I sincerely doubt 4 deep cycle batteries would provide even as much power as 1/4 gallon of gas, so you may want to re-think your batteries.

Recommend you read through the info on the wiki and / or the EV Information section as a starting point.

Good luck!


----------



## HillbillyHubble (Sep 11, 2015)

Thankfully I am in the very fortunate position of getting some free/very cheap batteries from a coworker, so power isn't so much of my problem from a cost stand point, but more from a space issue.
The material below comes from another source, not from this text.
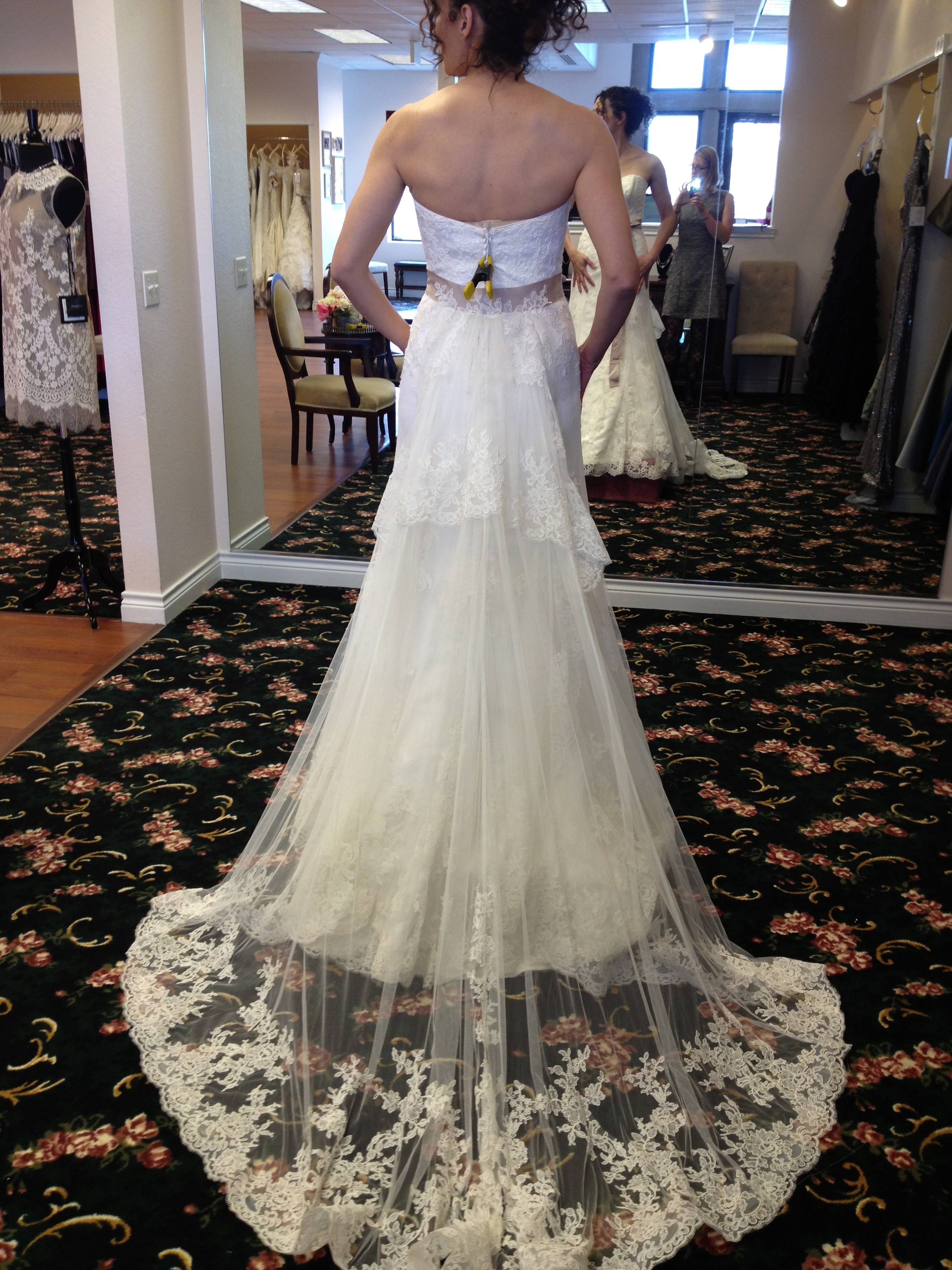 This beautiful Sottero and Midgley Celeste dress with detachable train (#711533DT) retails for $1450 and was purchased NEW for a total of $1618.51 once all was said and done. The color is Ivory (leaning more towards soft white) and the sash attached to the detachable train is in the color Parisian Mist. This dress is brand NEW, UNUSED, UNWORN, UNALTERED. The dress sells for $1100 and the detachable train is $350 by itself alone. It's killing me to sell this dress, I LOVE IT, but we are now having an outdoor wedding in the mountains on rugged terrain so this will no longer work. Original receipt, certificate of authenticity, and garment bag included. Selling for $995. Please inquire for more photos...train is included. The personal photo of me is in the sample dress of this model I tried on. I wanted to give a real life pic of what it looks like. The dress I am selling is brand new, never even tried on. A size 12 fits: 39" Bust x 31" Waist x 41" Hips. Street size is more like a 10. I'm actually a size 8 but wanted to give myself some breathing room just in case my weight fluctuated and my seamstress assured me that the dress could be sized down 2 sizes easily. I'm also 5'10" tall and this dress is long enough for me with room to spare.

That said, after running the napkin math gives me just over 10HP at 200A and 32HP at 500A. After looking around a bit at other conversions I've seen most recommend 1KWh batteries (small mowers with manual trans and small yards) to 8000KWh (more along the lines that I'd need, big mower with a hydro trans). Again, running the napkin math I would need 8 25Ah deep cycles, which actually gets me up to a 9.6 KWh battery so I shouldn't ever run it flat.

I think even that may be overkill since that math was pulled from a yard that takes an hour to mow, and mine only takes a half an hour. Which would hopefully be even less since I wont need to baby the half dead engine when it bogs.

So how far off is my math? It obviously ignores inefficiencies but I would think the buffer should help that out.


----------



## samwichse (Jan 28, 2012)

8 25 ah (12v) deep cycle batteries is 2.4 kwh.

10 hp is 7.5 kw, which draws 78 amps @ 96v. That means in a theoretically perfect world, your battery pack would last about 20 minutes @ 100% depth of discharge... which would insta-kill your lead pack. With voltage sag and a reasonable DOD (50%), you're looking at maybe 8 minutes.


----------



## PhantomPholly (Aug 20, 2008)

There are now a number of LiIon batteries on the market (Google "LiIon Starter Batteries") which can help you increase your pack Amp hours in the same amount of space. They are essentially drop-in replacements for Car / Deep Cycle batteries so should not require as much special TLC as building your own pack, but that is also an option.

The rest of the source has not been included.